* [Task details] In the entries that follow, find the line containing "Chỉ với vài" and the line containing "奥康舒适妈妈鞋子春季款浅口单鞋中老年软底真皮皮鞋防滑平底女鞋", then retype exactly the lines from the first through the second, pictures excluded.

* [Extracted information]
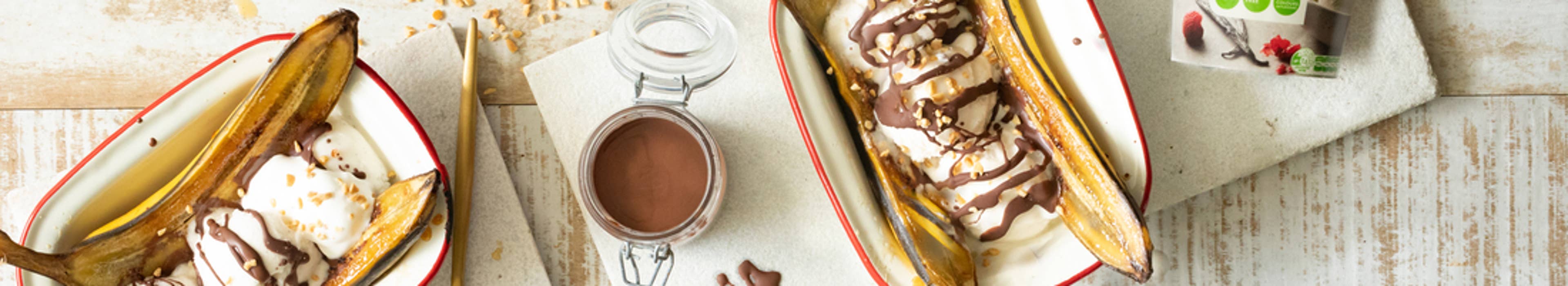 To assemble, place the caramelised bananas in the bottom of your serving bowls, top with scoops of ice cream, a dollop of coconut cream and drizzle over the chocolate which will harden as it hits the cold ice cream.
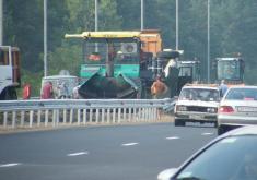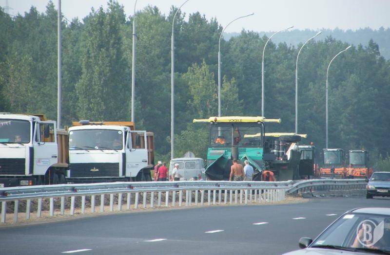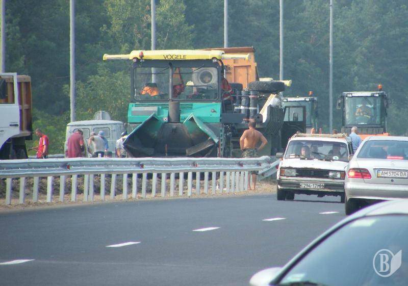 За п’ять днів до часу «Ч», тобто часу «Я», перевіряю стан справ на ділянці. Незважаючи на день недільний, робота кипить. Працює потужна техніка. Новеньки на вигляд самоскиди, катки. Робітники в жовтогарячих жилетах і просто «topless» (у затінку – до +40). Чорна смуга свіжого асфальту. Характерний запах.
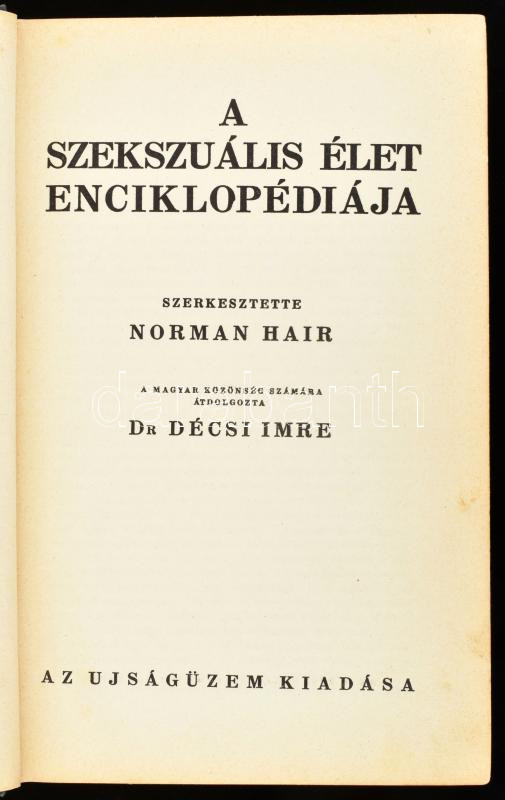 A szekszuális élet enciklopédiája. Szerk.: Norman Hair. A magyar közönség számára átdolgozta: Dr. Décsi Imre. Bp., [1936], Ujságüzem, 360 p. Kiadói aranyozott egészvászon-kötés, kissé foltos, kopottas borítóval, helyenként kissé foltos lapokkal.
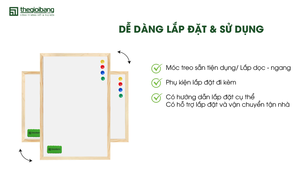 Chỉ với vài thao tác đơn giản trong 5 -10 phút, bảng từ trắng Easyboard đã dễ dàng lắp đặt treo lên tường với đinh và móc treo. Nếu bạn chưa thể lắp đặt, Thế Giới Bảng sẽ có đội ngũ lắp đặt tận nơi cho bạn.
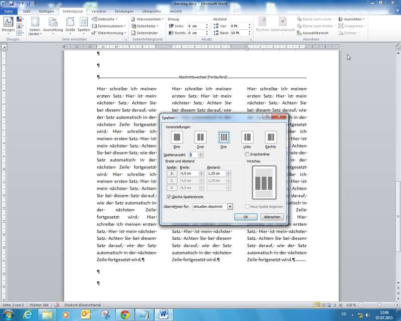 Arbeiten mit Spalten, Abschnitten und Seitenformaten
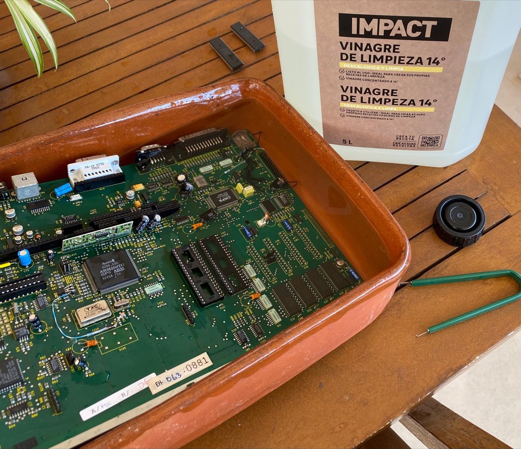 Finally, I washed the case and other parts and put everything in the sun for two days to brighten the plastics. There’s this theory that you actually don’t need chemicals to retrobright, so I’ll try that. My Acorn isn’t particularly yellowed anyway.
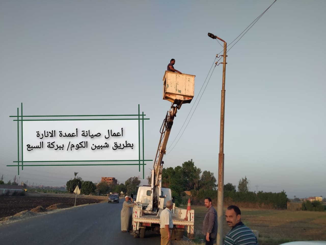 متابعات ميدانية لأعمال الصيانة الدورية لأعمدة الإنارة ببركة السبع والشهداء ومنوف
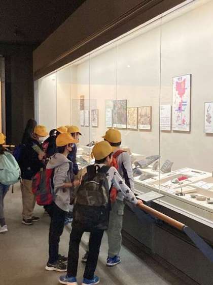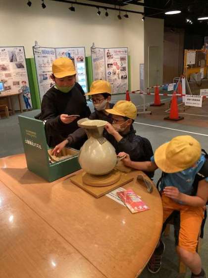 土器再現を体験できるコーナーでは、譲り合いながら、協力して作っていました。もう少し見たかったなぁという様子の子ども達。短時間でしたが、たくさんの大阪の歴史に触れることができた5年生でした。
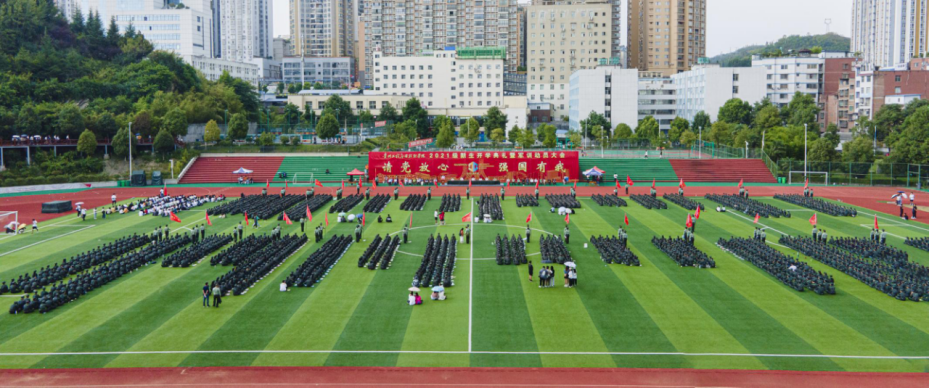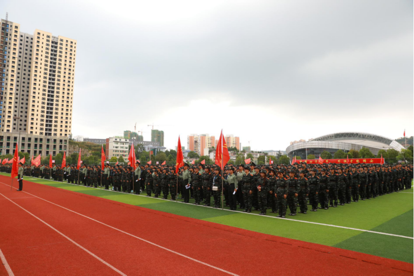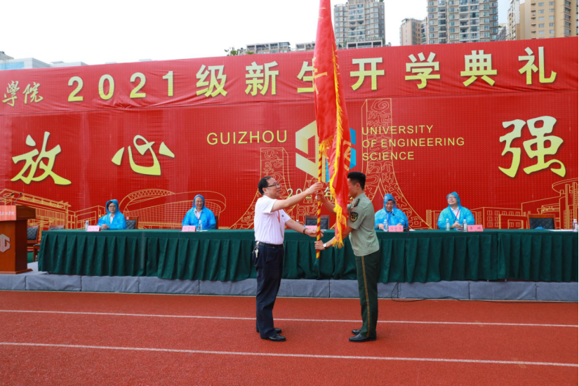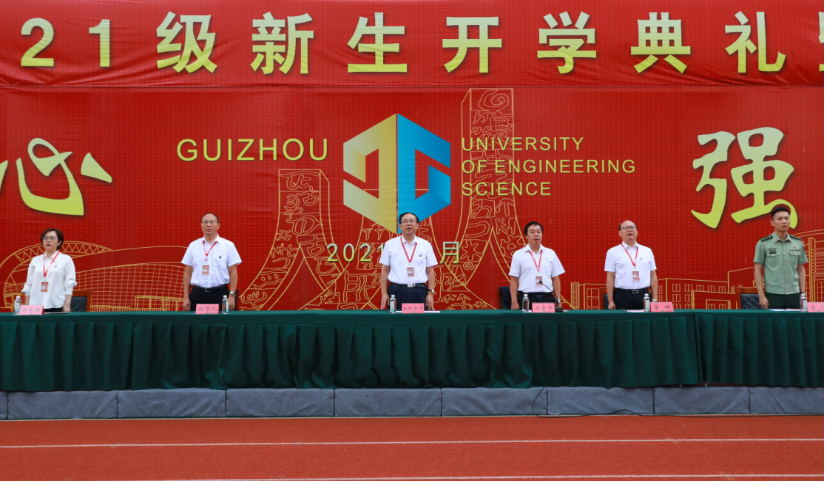 秋高气爽,金桂飘香,2021级新生的到来为奋进的贵工程校园注入了新鲜的活力。9月10日下午,我校2021级新生开学典礼暨军训动员大会在田径运动场隆重举行。校党委书记令狐荣锋,党委副书记汤宇华、向贤礼,副校长李琳,纪委书记郭永红,毕节市武警支队警勤中队副中队长李奡中尉、农光斌上士、黄运作上士出席,各部门主要负责人,各学院党政主要负责人、学生科负责人、辅导员、新生班班主任,学校军训教官团全体成员、2021级全体新生参加典礼。大会由汤宇华主持。
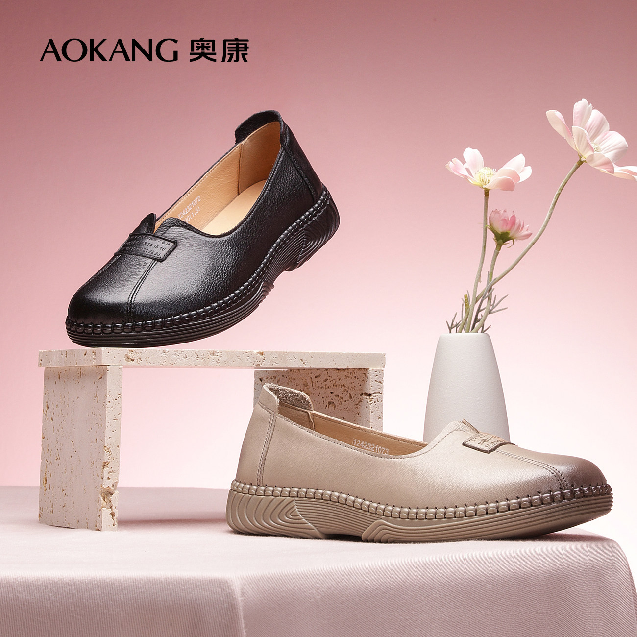 奥康舒适妈妈鞋子春季款浅口单鞋中老年软底真皮皮鞋防滑平底女鞋
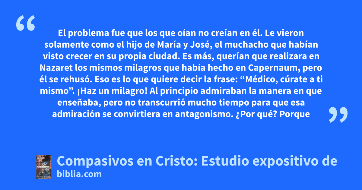 El problema fue que los que oían no creían en él. Le vieron solamente como el hijo de María y José, el muchacho que habían visto crecer en su propia ciudad. Es más, querían que realizara en Nazaret los mismos milagros que había hecho en Capernaum, pero él se rehusó. Eso es lo que quiere decir la frase: “Médico, cúrate a ti mismo”. ¡Haz un milagro! Al principio admiraban la manera en que enseñaba, pero no transcurrió mucho tiempo para que esa admiración se convirtiera en antagonismo. ¿Por qué? Porque
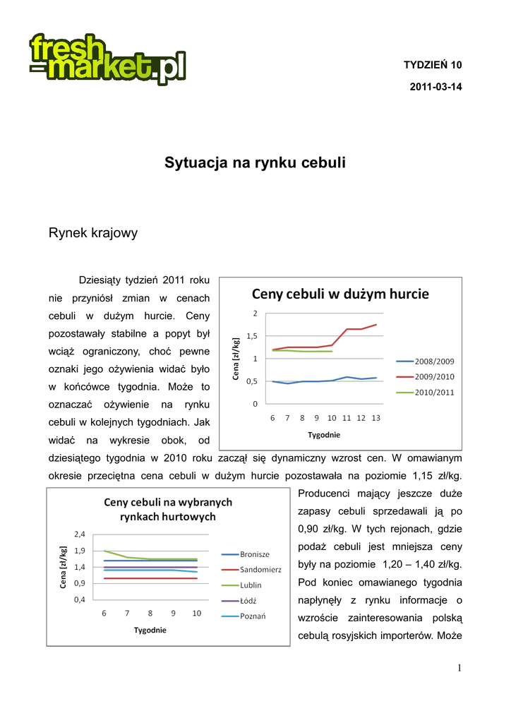 TYDZIEŃ 10 2011-03-14 Sytuacja na rynku cebuli Rynek krajowy Dziesiąty tydzień 2011 roku nie przyniósł zmian w cenach cebuli w duŜym hurcie. Ceny pozostawały stabilne a popyt był wciąŜ ograniczony, choć pewne oznaki jego oŜywienia widać było w końcówce tygodnia. MoŜe to oznaczać oŜywienie na rynku cebuli w kolejnych tygodniach. Jak widać na wykresie obok, od dziesiątego tygodnia w 2010 roku zaczął się dynamiczny wzrost cen. W omawianym okresie przeciętna cena cebuli w duŜym hurcie pozostawała na poziomie 1,15 zł/kg. Producenci mający jeszcze duŜe zapasy cebuli sprzedawali ją po 0,90 zł/kg. W tych rejonach, gdzie podaŜ cebuli jest mniejsza ceny były na poziomie 1,20 – 1,40 zł/kg. Pod koniec omawianego tygodnia napłynęły z rynku informacje o wzroście zainteresowania polską cebulą rosyjskich importerów. MoŜe 1 TYDZIEŃ 10 2011-03-14 to się przełoŜyć na wyŜszy eksport w następnych tygodniach. Na lokalnych rynkach hurtowych ceny w dziesiątym tygodniu 2011 roku pozostawały stabilne. Wyjątkiem był rynek wielkopolski, gdzie cena minimalnie spadła, co widać na wykresie prezentowanym powyŜej. WciąŜ teŜ utrzymywała się duŜa róŜnica między cenami minimum (Sandomierz) a maksimum (Lublin). Jeśli chodzi o ceny w hipermarketach, tym razem cenę cebuli obniŜyło Tesco. Z poziomu 2,45 zł/kg do 1,79 zł/kg. W pozostałych monitorowanych hipermarketach ceny w omawianym okresie były stabilne. Import i eksport W omawianym okresie nie zmieniły się ceny cebuli importowanej oferowanej na polskim rynku. Za cebulę holenderską kalibru 4 – 6 płacono 1,40 zł/kg. Za grubszą cebulę kalibru 6 – 8 trzeba było zapłacić 1,60 zł/kg. Popyt na cebulę importowaną, jak w poprzednich tygodniach utrzymywał się na niskim poziomie. Stabilne pozostały równieŜ ceny sprzedaŜowe polskiej cebuli przeznaczonej na eksport. W dziesiątym tygodniu 2011 roku było to dla cebuli kalibru 4 – 6 były 0,34 – 0,37 euro/kg (worki 15 i 25 kg). Eksport w omawianym okresie wciąŜ nie był duŜy, jednak, jak wspomniano wyŜej w końcówce tygodnia wzrosło zainteresowanie rosyjskich importerów, co daje lepsze widoki na przyszłość. Tak, jak napisano w poprzednim raporcie zapasy cebuli w Holandii mogą się okazać zbyt małe w stosunku do popytu na rynku międzynarodowym i jeden z głównych importerów holenderskiej cebuli – Rosja moŜe szukać cebuli równieŜ na rynku polskim. Według wstępnych danych holenderskich 2 TYDZIEŃ 10 2011-03-14 Productschap Tuinbouw i Kwaliteits-Controle-Bureau (KCB) od początku bieŜącego sezonu (12 lipca 2010 r.) do 11 lutego br. Holandia wyeksportowała 537 tys. ton cebuli. Jest to o 54 tys. ton mniej niŜ w analogicznym okresie sezonu poprzedniego. W szóstym tygodniu br. (7-11 lutego) eksport cebuli z Holandii wyniósł około 16 tys. ton. Największymi odbiorcami w tym czasie były Senegal, Rosja i Wielka Brytania. Według wstępnych danych prezentowanych przez Productschap Tuinbouw do Rosji trafiło w piątym tygodniu 3595 ton holenderskiej cebuli a w szóstym tygodniu 2503 ton (wobec 4081 i 6839 ton w piątym i szóstym tygodniu 2010 roku). Do Polski w piątym tygodniu trafiło 610 ton a w szóstym 306 ton (wobec 1016 i 1045 ton w odpowiednich tygodniach 2010 roku). 3
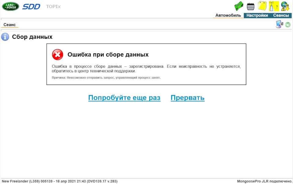 Далее при запуске процедуры "Идентифицировать автомобиль" и сканировании блоков автомобиля появлялись ошибки о занятии процесса SDD или о не соответсвии данных. Ошибки не критичные, но раздражающие, когда появляется такая ошибка надо подождать пару минут, пока фоновый процесс опроса блоков в SDD не завершит свою работу и "Попробовать еще раз".
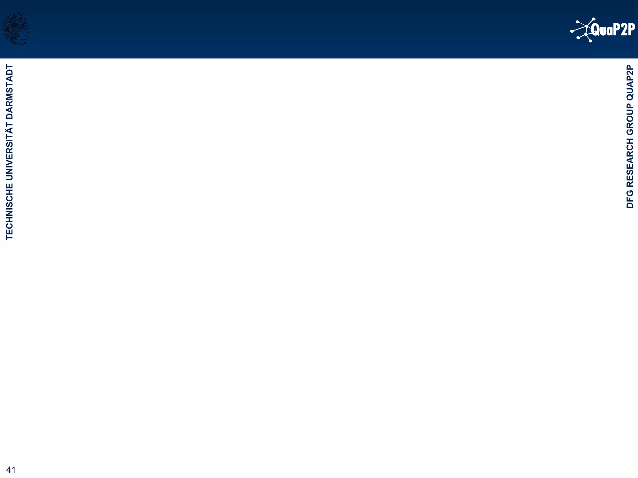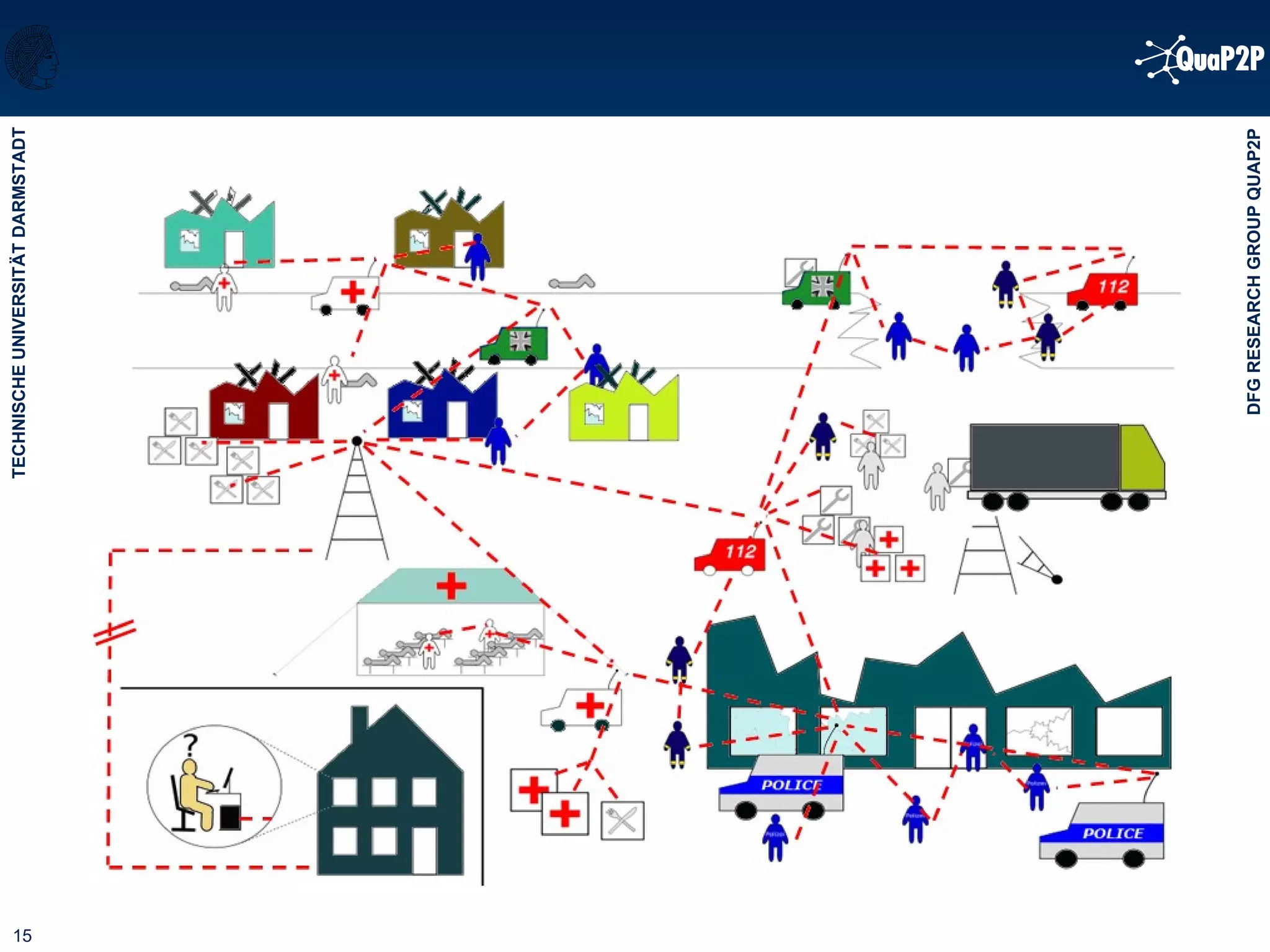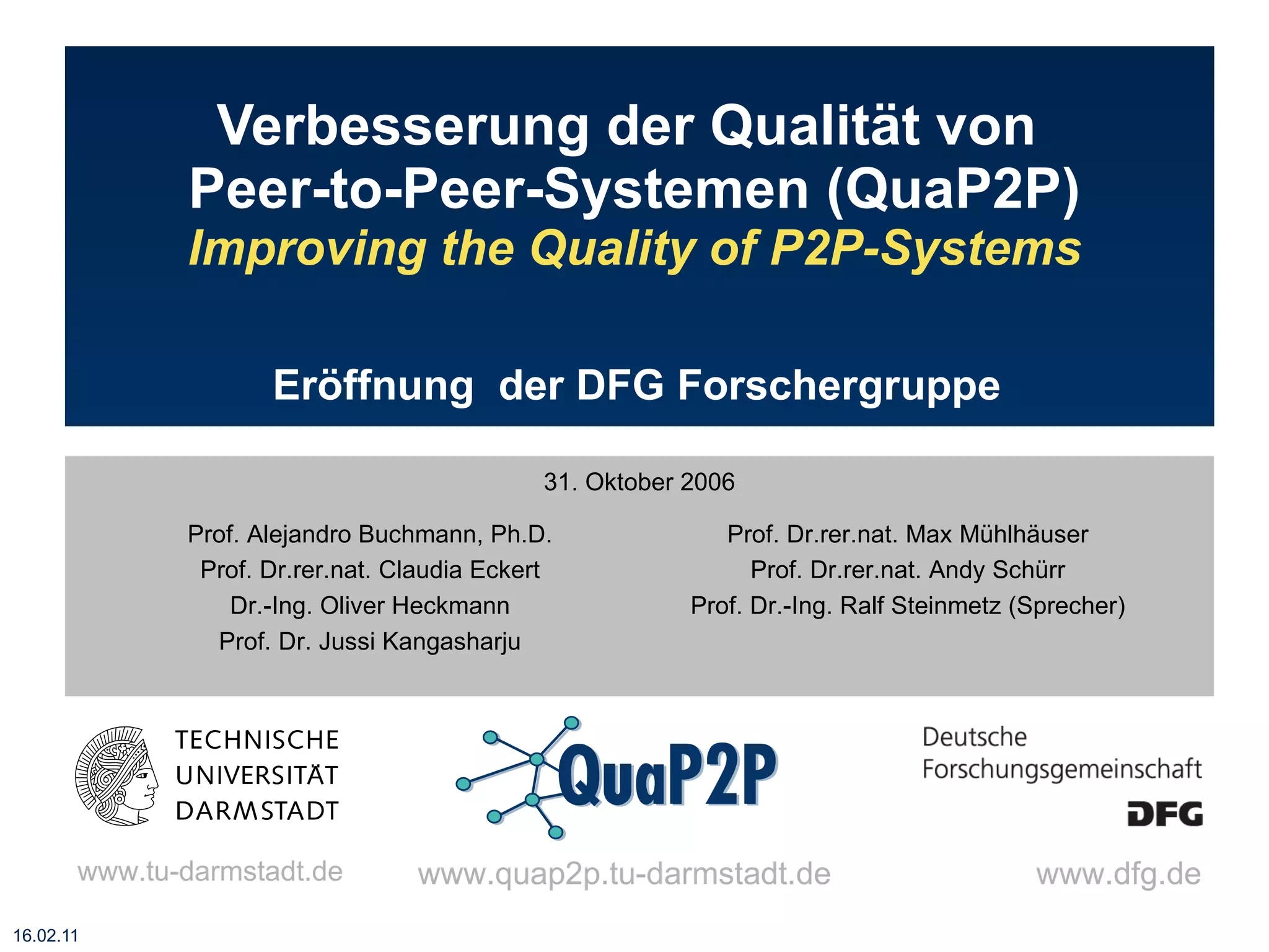 This document summarizes the agenda and goals of a research group meeting on improving the quality of peer-to-peer (P2P) systems. The agenda includes welcome addresses from various deans and professors, presentations on P2P applications and quality in P2P systems. The goals of the research group are introduced, including identifying quality attributes of P2P systems, examining relationships between attributes, and prototyping mechanisms using reference scenarios in disaster recovery communications and software development. Researchers are assigned topics related to performance, costs, security, and other quality attributes.

* [Reply to the exercise]
 Chỉ với vài thao tác đơn giản trong 5 -10 phút, bảng từ trắng Easyboard đã dễ dàng lắp đặt treo lên tường với đinh và móc treo. Nếu bạn chưa thể lắp đặt, Thế Giới Bảng sẽ có đội ngũ lắp đặt tận nơi cho bạn.
 Arbeiten mit Spalten, Abschnitten und Seitenformaten
 Finally, I washed the case and other parts and put everything in the sun for two days to brighten the plastics. There’s this theory that you actually don’t need chemicals to retrobright, so I’ll try that. My Acorn isn’t particularly yellowed anyway.
 متابعات ميدانية لأعمال الصيانة الدورية لأعمدة الإنارة ببركة السبع والشهداء ومنوف
 土器再現を体験できるコーナーでは、譲り合いながら、協力して作っていました。もう少し見たかったなぁという様子の子ども達。短時間でしたが、たくさんの大阪の歴史に触れることができた5年生でした。
 秋高气爽,金桂飘香,2021级新生的到来为奋进的贵工程校园注入了新鲜的活力。9月10日下午,我校2021级新生开学典礼暨军训动员大会在田径运动场隆重举行。校党委书记令狐荣锋,党委副书记汤宇华、向贤礼,副校长李琳,纪委书记郭永红,毕节市武警支队警勤中队副中队长李奡中尉、农光斌上士、黄运作上士出席,各部门主要负责人,各学院党政主要负责人、学生科负责人、辅导员、新生班班主任,学校军训教官团全体成员、2021级全体新生参加典礼。大会由汤宇华主持。
 奥康舒适妈妈鞋子春季款浅口单鞋中老年软底真皮皮鞋防滑平底女鞋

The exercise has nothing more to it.